Two previous publications have reviewed changes in presynaptic proteins in AD compared to healthy controls. This includes a review by Honer and colleagues [60] and a meta-analysis of synapse counts and synaptic proteins by de Wilde et al. [21]. This latter analysis included 83 studies quantifying synaptic proteins of which a large proportion reported levels of at least one presynaptic marker, resulting in a much higher number of studies contributing to analysis.
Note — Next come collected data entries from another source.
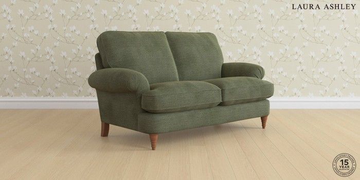 6.12.13 Buy Beaumaris by Laura Ashley 2 Seater Sofa Edwin Chenille Hedgerow Green Low Turned - Teak from the Next UK online shop Click here to use our accessible website
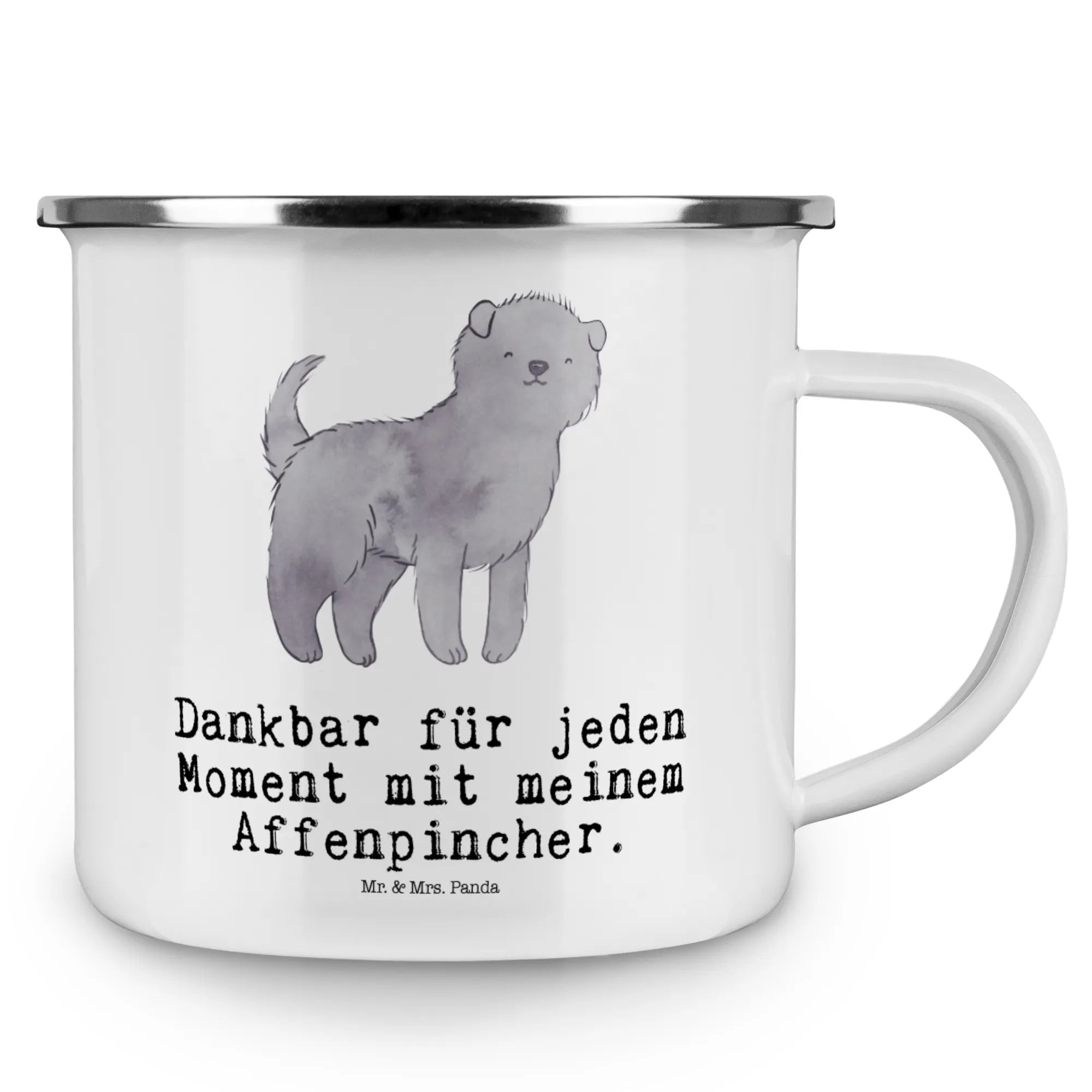 Die Camping Emaille Tasse "Affenpincher Moment" von Mr. & Mrs. Panda ist das ideale Geschenk für Hundeliebhaber und Abenteuerlustige.
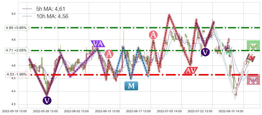 ➣ AI预测: 假定反转继续,第❷价格目标位置(08-16:14, 4.75)
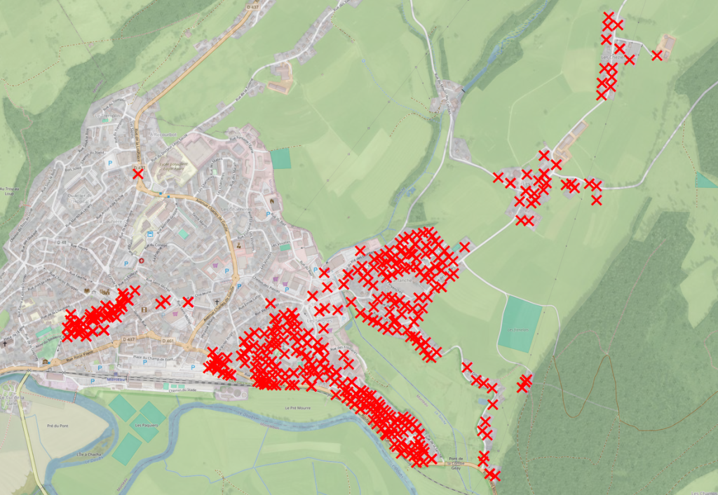 Du 10/11/2025 au 21/11/2025, l’exploitant DIOPTIC / Altitude Infra. va procéder à une remise en conformité complète du local technique du réseau fibre optique situé rue de la Guron à Morteau. Il concerne les habitations et entreprises marquées par une croix rouge sur la carte ci-dessous.
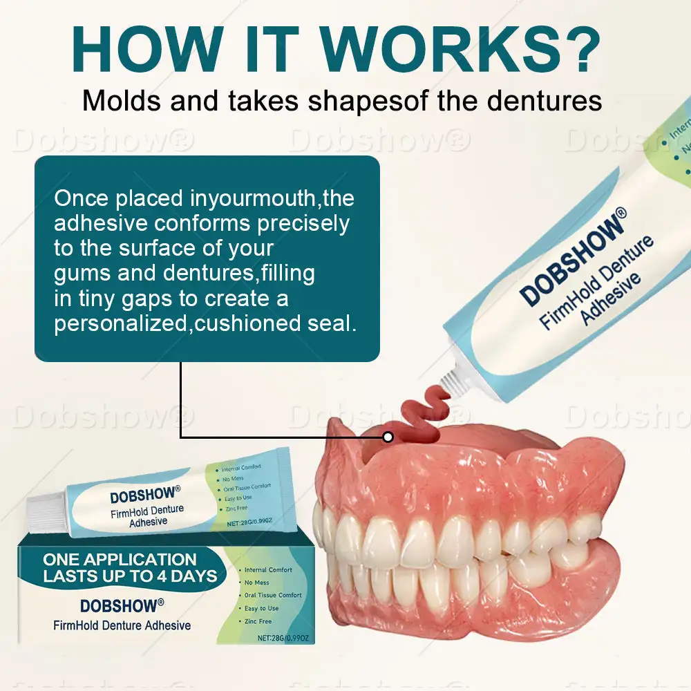 ✅ Waterproof and Mess-Free: Once set, the adhesive becomes completely waterproof and resistant to food particles, saliva, and heat. No sticky, pasty residue like gels or creams—Dobshow® keeps everything clean, fresh, and locked in place, even through hot meals and drinks.

The primary analysis included all available protein measurements in all brain regions and revealed a significant loss of presynaptic proteins in AD. Very high between-study heterogeneity was largely due to one study and omission of the data from Jia et al. [34] did not affect the overall study outcome but highlighted the low heterogeneity between and within the studies included in this meta-analysis. The overall lowering of presynaptically expressed proteins in cortical structures therefore confirms the preceding meta-analysis of de Wilde and colleagues and further highlights that this decline expresses protein and brain region specificity [21, 60]. As for the regional specificity, it appears to be an anomaly that neither entorhinal cortex nor hippocampus were confirmed as expressing lower levels of presynaptic proteins despite a wide range of studies that provide compelling evidence for protein pathology during the early onset which increases in severity during late-stage AD [61, 62]. This lack of effect is likely due to the low number of studies and their high heterogeneity, since previous reviews reported some of the strongest effects for these structures based on much higher numbers of reports [21, 60]. Alternative reasons may concern the method of protein quantification, age, and severity of study cohorts and postmortem intervals. An alternative approach would be the inclusion of older publications predating 2015 in order to provide a more complete analysis of the evidence available to date. This would have been against the set limits of this approach, and a more complete analysis for all proteins would then have to be pursued. Suffice to say that the lack of significant synaptic protein loss in hippocampus in this study is due to the small study number and considered to be an anomaly of our analysis. In general, some of the discrepancies between these older meta-analyses/reviews and this work are due to the much richer pool of literature included in their analyses. Nevertheless, the global effects in terms of region and protein specificity were very similar and therefore seem to be robust and reproducible.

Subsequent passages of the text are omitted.